2 namespaces in 1 schema

Z

Zombie

Hi,
Can I have 2 namespaces in the same XML schema?
In the schema, I wish to declare elements such that some of them
belong to one namespace and others belong to a second namespace. Is
this possible? Note that both the namespaces should be in the same
schema and same xsd file. Could somebody provide a small snippet on
how to do this?

Thanks for your time.
 
M

Martin Honnen

Zombie wrote:

Can I have 2 namespaces in the same XML schema?

You need at least one schema to define elements for each namespace but
of course a schema for one namespace can import a schema for another
namespace and then reference elements from the other namespace.
 
Z

Zombie

Martin Honnen said:
Zombie wrote:



You need at least one schema to define elements for each namespace but
of course a schema for one namespace can import a schema for another
namespace and then reference elements from the other namespace.

Do you mean to say that 1 schema file can contain only 1 namespace?
Actually, 'import' is exactly what I want to avoid. That is why in the
OP, I explicitly mentioned that I want 1 schema in 1 xsd file
containing 2 namespaces.
Any way to do that?

Thanks much.
 
A

Abhinav

Zombie said:
Do you mean to say that 1 schema file can contain only 1 namespace?
Actually, 'import' is exactly what I want to avoid. That is why in the
OP, I explicitly mentioned that I want 1 schema in 1 xsd file
containing 2 namespaces.
Any way to do that?

Does this help ?

(This is an example given to me by Zafar Abbas at the newsgroup
microsoft.public.xml. Google for "Schema - Definition for checking part of
schema?")

<xs:schema xmlns:xs="http://www.w3.org/2001/XMLSchema">
<xs:element name="a">
<xs:complexType>
<xs:sequence>
<xs:group ref = "allowAny"/>
<xs:element name="aa" />
<xs:group ref = "allowAny"/>
</xs:sequence>
</xs:complexType>
</xs:element>

<xs:group name="allowAny">
<xs:sequence>
<xs:any minOccurs="0" maxOccurs="unbounded" namespace="##other" />
</xs:sequence>
</xs:group>

</xs:schema>

The following xml will be valid according to it:

<a xmlns:ns="ns">
<aa>
</aa>

<ns:bb></ns:bb>
<ns:cc></ns:cc>

</a>

Regards
 
M

Martin Honnen

Zombie said:
Do you mean to say that 1 schema file can contain only 1 namespace?

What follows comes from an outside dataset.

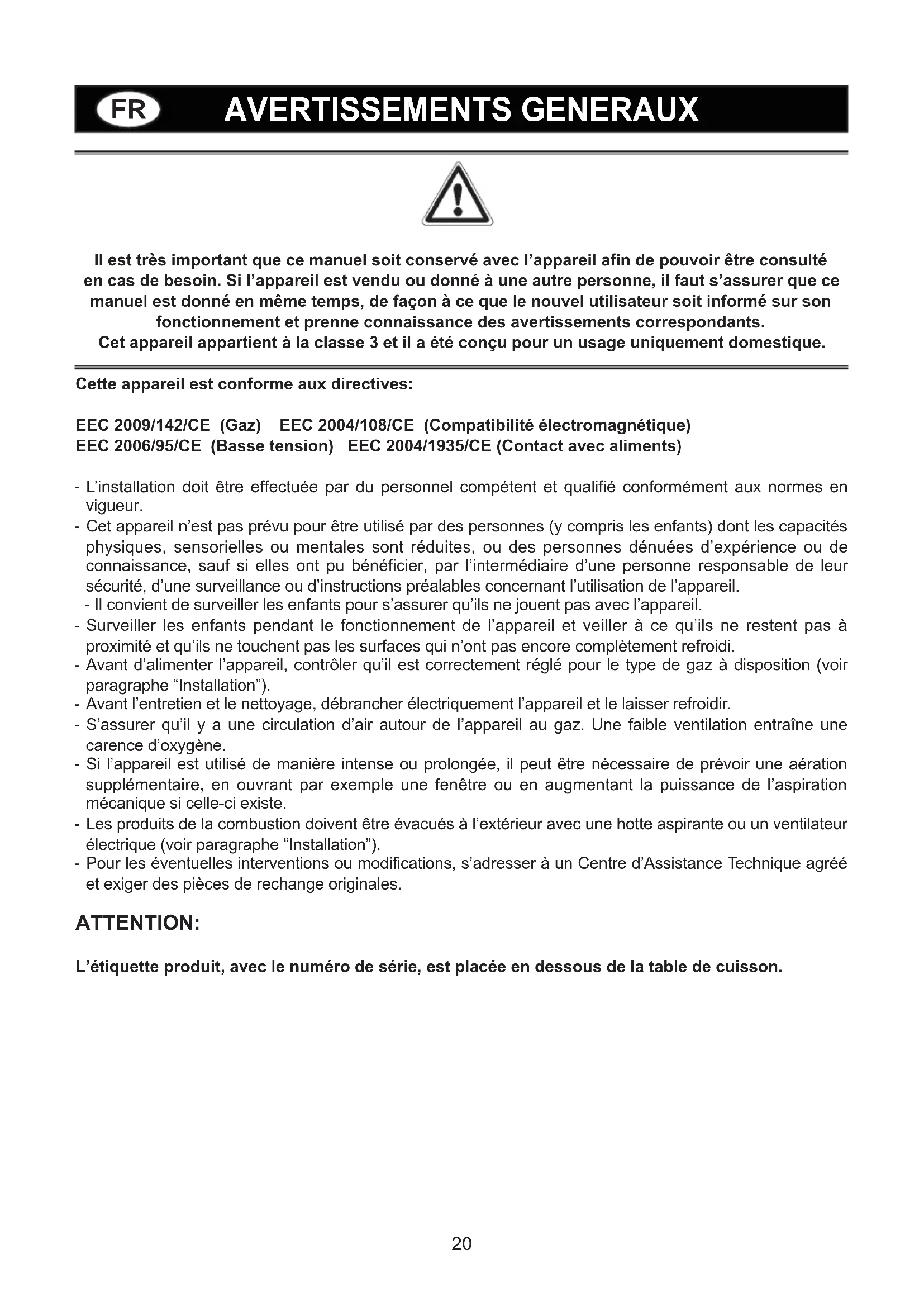 G20 20 - 476 71 / 116 Reg. 5000 210020 Il est très important que ce manuel soit conservé avec l’appareil afin de pouvoir être consulté en cas de besoin. Si l’appareil est vendu ou donné à une autre personne, il faut s’assurer que ce manuel est donné en même temps, de façon à ce que le nouvel utilisateur soit informé sur son fonctionnement et prenne connaissance des avertissements correspondants. Cet appareil appartient à la classe 3 et il a été conçu pour un usage uniquement domestique. Cette appareil est conforme aux directives: EEC 2009/142/CE (Gaz) EEC 2004/108/CE (Compatibilité électromagnétique) EEC 2006/95/CE (Basse tension) EEC 2004/1935/CE (Contact avec aliments) - L’installation doit être effectuée par du personnel compétent et qualifié conformément aux normes en vigueur. - Cet appareil n’est pas prévu pour être utilisé par des personnes (y compris les enfants) dont les capacités physiques, sensorielles ou mentales sont réduites, ou des personnes dénuées d’expérience ou de connaissance, sauf si elles ont pu bénéficier, par l’intermédiaire d’une personne responsable de leur sécurité, d’une surveillance ou d’instructions préalables concernant l’utilisation de l’appareil. - Il convient de surveiller les enfants pour s’assurer qu’ils ne jouent pas avec l’appareil. - Surveiller les enfants pendant le fonctionnement de l’appareil et veiller à ce qu’ils ne restent pas à proximité et qu’ils ne touchent pas les surfaces qui n’ont pas encore complètement refroidi. - Avant d’alimenter l’appareil, contrôler qu’il est correctement réglé pour le type de gaz à disposition (voir paragraphe “Installation”). - Avant l’entretien et le nettoyage, débrancher électriquement l’appareil et le laisser refroidir. - S’assurer qu’il y a une circulation d’air autour de l’appareil au gaz. Une faible ventilation entraîne une carence d’oxygène. - Si l’appareil est utilisé de manière intense ou prolongée, il peut être nécessaire de prévoir une aération supplémentaire, en ouvrant par exemple une fenêtre ou en augmentant la puissance de l’aspiration mécanique si celle-ci existe. - Les produits de la combustion doivent être évacués à l’extérieur avec une hotte aspirante ou un ventilateur électrique (voir paragraphe “Installation”). - Pour les éventuelles interventions ou modifications, s’adresser à un Centre d’Assistance Technique agréé et exiger des pièces de rechange originales. ATTENTION: L’étiquette produit, avec le numéro de série, est placée en dessous de la table de cuisson.

It depends on what you mean by "contain". I clearly said that you need
one schema to define the elements for one namespace but that you need to
import the definitions of the schema for a second namespace.
Actually, 'import' is exactly what I want to avoid. That is why in the
OP, I explicitly mentioned that I want 1 schema in 1 xsd file
containing 2 namespaces.
Any way to do that?

No, if you want to validate all elements and you have elements in
differerent namespaces then you need to have one schema for every
namespace you want to define elements in.

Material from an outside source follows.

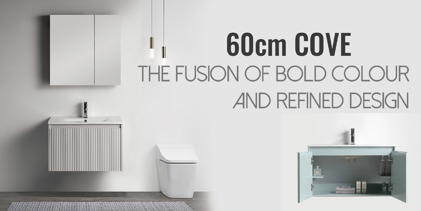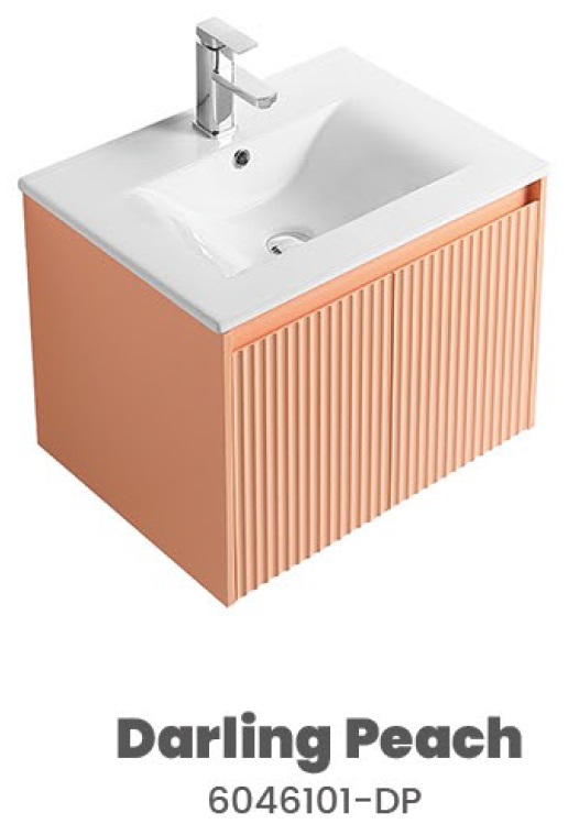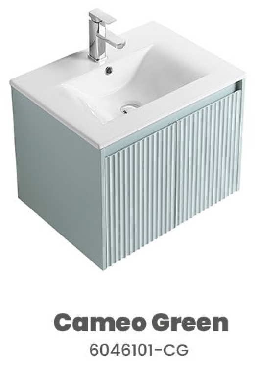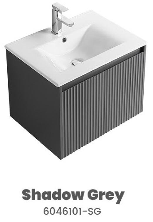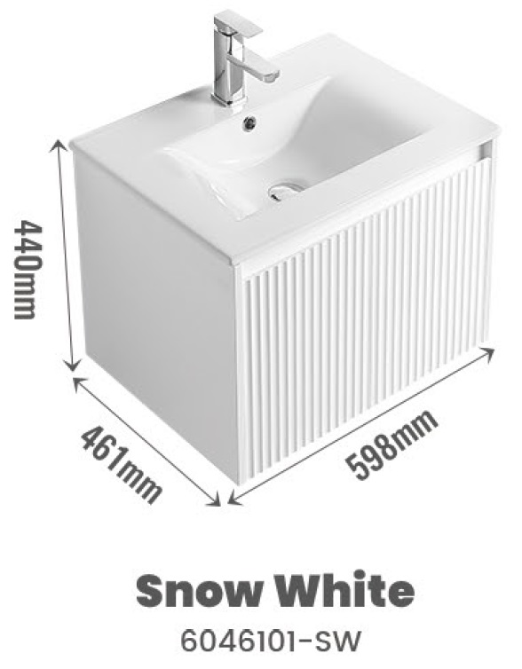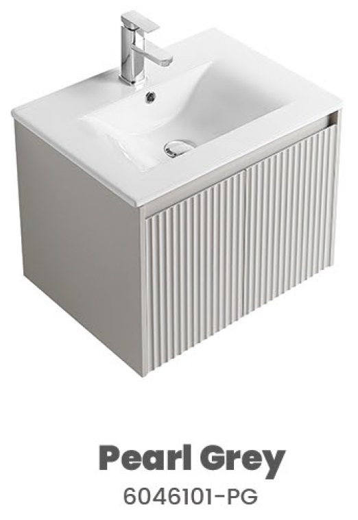 Get the best price in Singapore for this 600mm PVC vanity cabinet with two fluted door design and come with insert basin.

The only thing you can do is skip validation for elements in one
namespace with
<xs:any>
 
Z

Zombie

Abhinav said:
Does this help ?

(This is an example given to me by Zafar Abbas at the newsgroup
microsoft.public.xml. Google for "Schema - Definition for checking part of
schema?")

<xs:schema xmlns:xs="http://www.w3.org/2001/XMLSchema">
<xs:element name="a">
<xs:complexType>
<xs:sequence>
<xs:group ref = "allowAny"/>
<xs:element name="aa" />
<xs:group ref = "allowAny"/>
</xs:sequence>
</xs:complexType>
</xs:element>

<xs:group name="allowAny">
<xs:sequence>
<xs:any minOccurs="0" maxOccurs="unbounded" namespace="##other" />
</xs:sequence>
</xs:group>

</xs:schema>

The following xml will be valid according to it:

<a xmlns:ns="ns">
<aa>
</aa>

<ns:bb></ns:bb>
<ns:cc></ns:cc>

</a>

Regards

Abhinav, thanks for your effort. Actually, my problem starts right
after this.
Now, I wish to come up with a second schema that will define the "bb"
and "cc" elements so that the above xml gets validated against this
new schema (bb and cc should also get validated now). As you can see,
in the xml, "bb" and "cc" are in a new namespace. So, in the new
schema too, they need to be defined in a new namespace. And that is
exactly what I am unable to do.
I hope you understand my problem.

Thanks again.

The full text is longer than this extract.